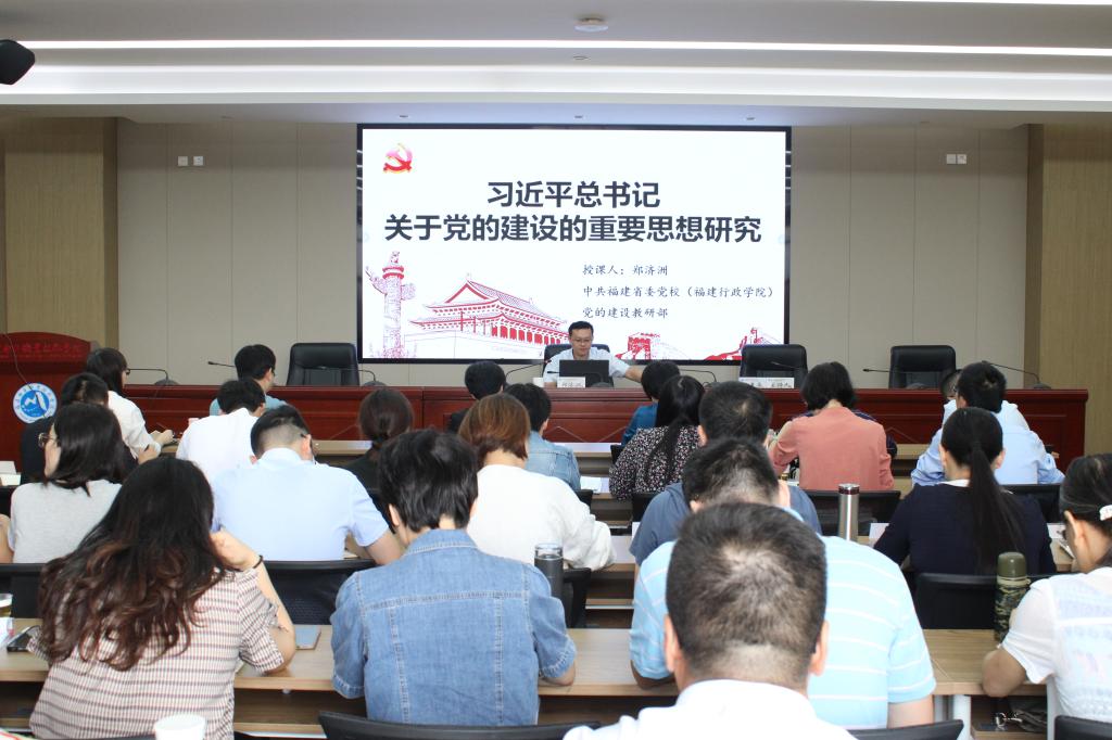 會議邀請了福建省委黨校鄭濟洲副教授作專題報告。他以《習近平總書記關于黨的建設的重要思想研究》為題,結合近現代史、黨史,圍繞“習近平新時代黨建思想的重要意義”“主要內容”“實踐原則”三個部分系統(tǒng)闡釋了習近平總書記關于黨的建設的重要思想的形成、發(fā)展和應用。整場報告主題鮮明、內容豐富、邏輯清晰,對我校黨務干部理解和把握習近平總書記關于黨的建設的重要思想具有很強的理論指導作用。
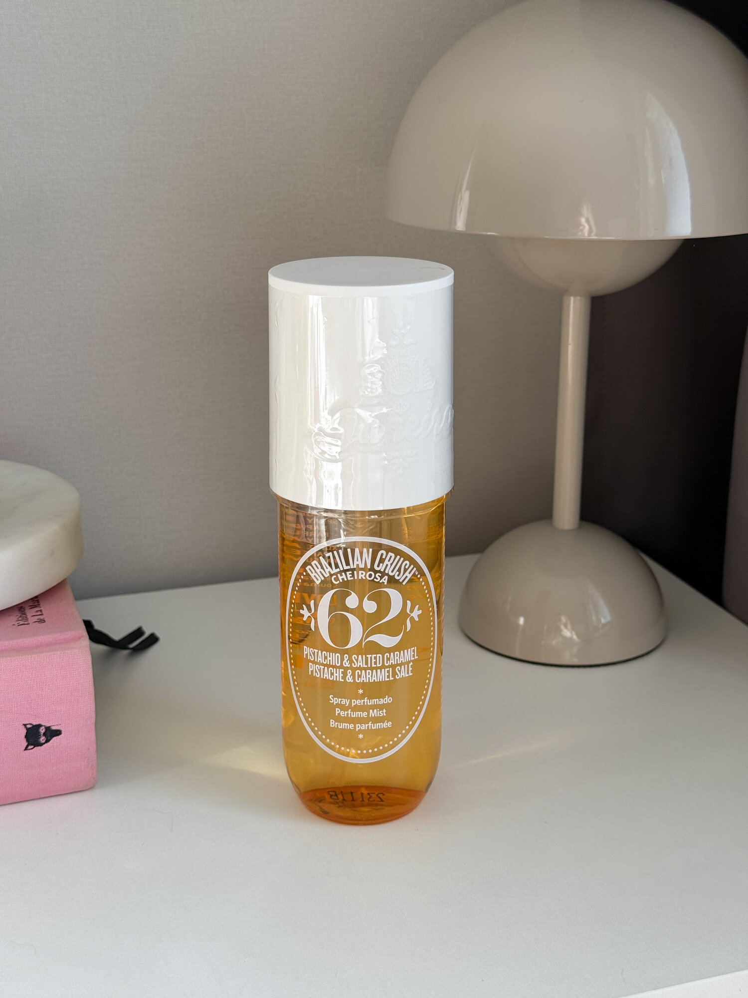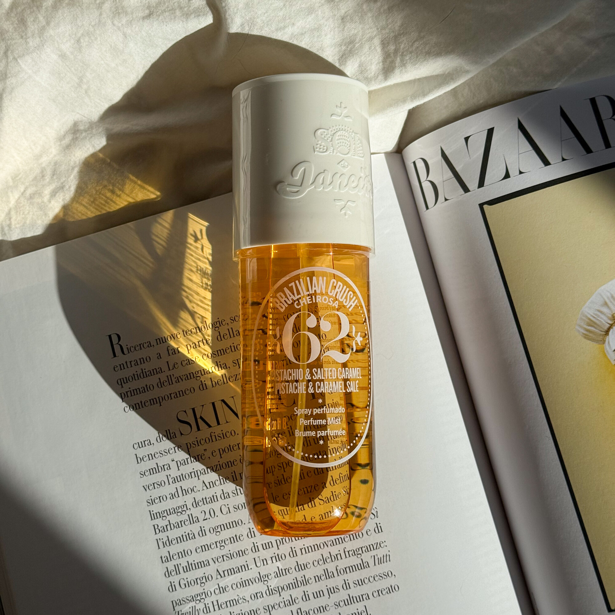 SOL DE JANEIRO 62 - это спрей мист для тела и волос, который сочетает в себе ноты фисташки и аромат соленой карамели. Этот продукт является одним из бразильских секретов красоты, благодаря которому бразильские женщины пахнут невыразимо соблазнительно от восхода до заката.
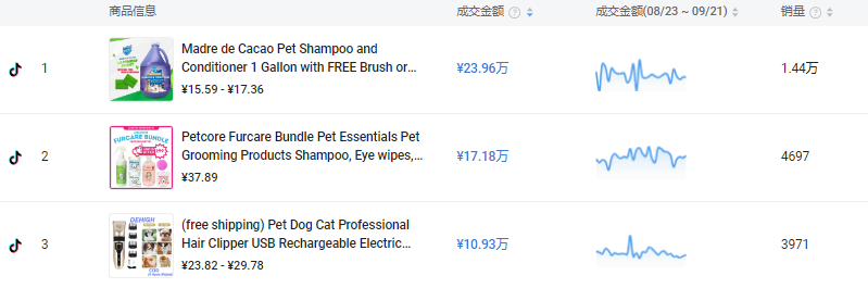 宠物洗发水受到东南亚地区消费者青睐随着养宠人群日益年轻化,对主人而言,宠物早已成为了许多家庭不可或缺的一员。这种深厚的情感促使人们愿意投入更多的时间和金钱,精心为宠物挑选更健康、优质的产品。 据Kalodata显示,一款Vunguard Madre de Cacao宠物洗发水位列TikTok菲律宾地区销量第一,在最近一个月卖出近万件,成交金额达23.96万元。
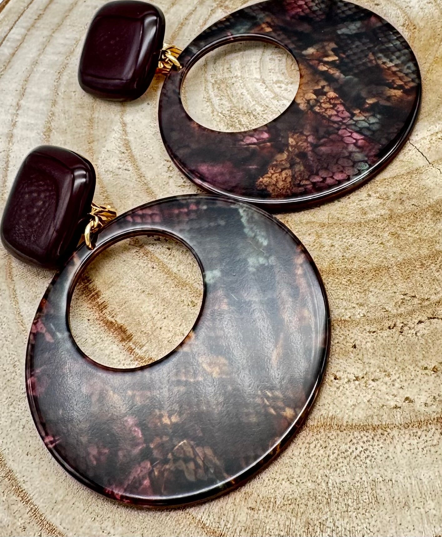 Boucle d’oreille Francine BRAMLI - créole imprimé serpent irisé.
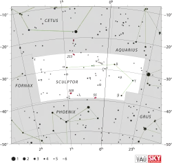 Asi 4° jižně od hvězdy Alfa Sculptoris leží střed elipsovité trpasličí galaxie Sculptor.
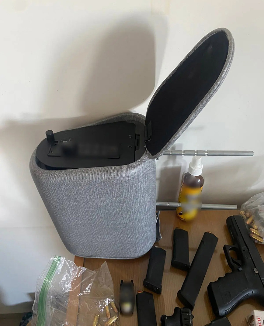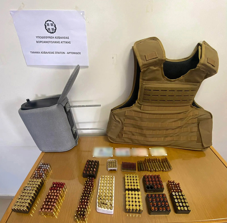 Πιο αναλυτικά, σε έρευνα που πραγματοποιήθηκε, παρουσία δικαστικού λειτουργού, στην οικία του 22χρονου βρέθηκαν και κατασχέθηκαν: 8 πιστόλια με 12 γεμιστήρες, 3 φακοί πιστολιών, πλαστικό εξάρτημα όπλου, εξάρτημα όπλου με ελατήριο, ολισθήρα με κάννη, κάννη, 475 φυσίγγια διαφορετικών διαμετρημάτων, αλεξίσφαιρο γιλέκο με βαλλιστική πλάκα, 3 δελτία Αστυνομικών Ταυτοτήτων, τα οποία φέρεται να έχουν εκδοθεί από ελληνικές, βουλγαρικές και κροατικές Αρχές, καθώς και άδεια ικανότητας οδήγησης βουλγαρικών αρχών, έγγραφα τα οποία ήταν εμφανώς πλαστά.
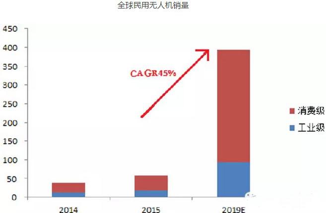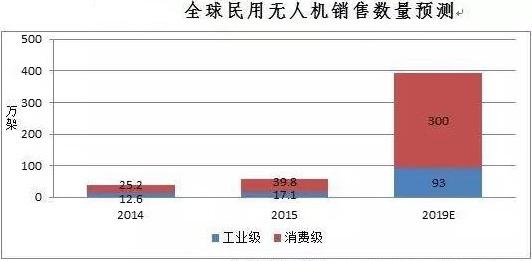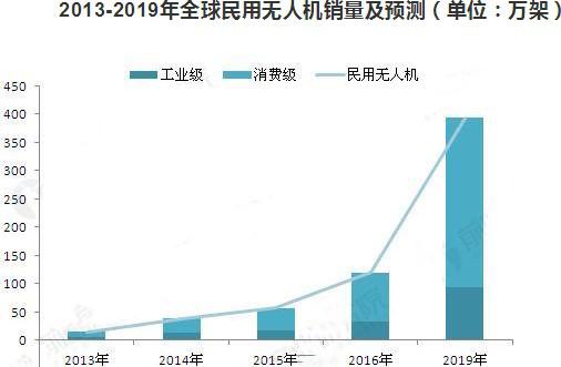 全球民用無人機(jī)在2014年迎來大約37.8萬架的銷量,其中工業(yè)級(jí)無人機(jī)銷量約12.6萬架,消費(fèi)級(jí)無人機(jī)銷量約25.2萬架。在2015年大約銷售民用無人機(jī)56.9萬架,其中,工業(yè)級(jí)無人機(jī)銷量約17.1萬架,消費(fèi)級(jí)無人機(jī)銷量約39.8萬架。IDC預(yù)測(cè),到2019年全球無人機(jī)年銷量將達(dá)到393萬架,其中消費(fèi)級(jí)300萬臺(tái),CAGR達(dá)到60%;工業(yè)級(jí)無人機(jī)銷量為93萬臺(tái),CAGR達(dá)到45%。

————

## Task statement
What is needed is an exact copy of the lines from the start of the listing above through the line that holds "SOL DE JANEIRO", with the pictures left out.

## Answer below
 會議邀請了福建省委黨校鄭濟洲副教授作專題報告。他以《習近平總書記關于黨的建設的重要思想研究》為題,結合近現代史、黨史,圍繞“習近平新時代黨建思想的重要意義”“主要內容”“實踐原則”三個部分系統(tǒng)闡釋了習近平總書記關于黨的建設的重要思想的形成、發(fā)展和應用。整場報告主題鮮明、內容豐富、邏輯清晰,對我校黨務干部理解和把握習近平總書記關于黨的建設的重要思想具有很強的理論指導作用。
 SOL DE JANEIRO 62 - это спрей мист для тела и волос, который сочетает в себе ноты фисташки и аромат соленой карамели. Этот продукт является одним из бразильских секретов красоты, благодаря которому бразильские женщины пахнут невыразимо соблазнительно от восхода до заката.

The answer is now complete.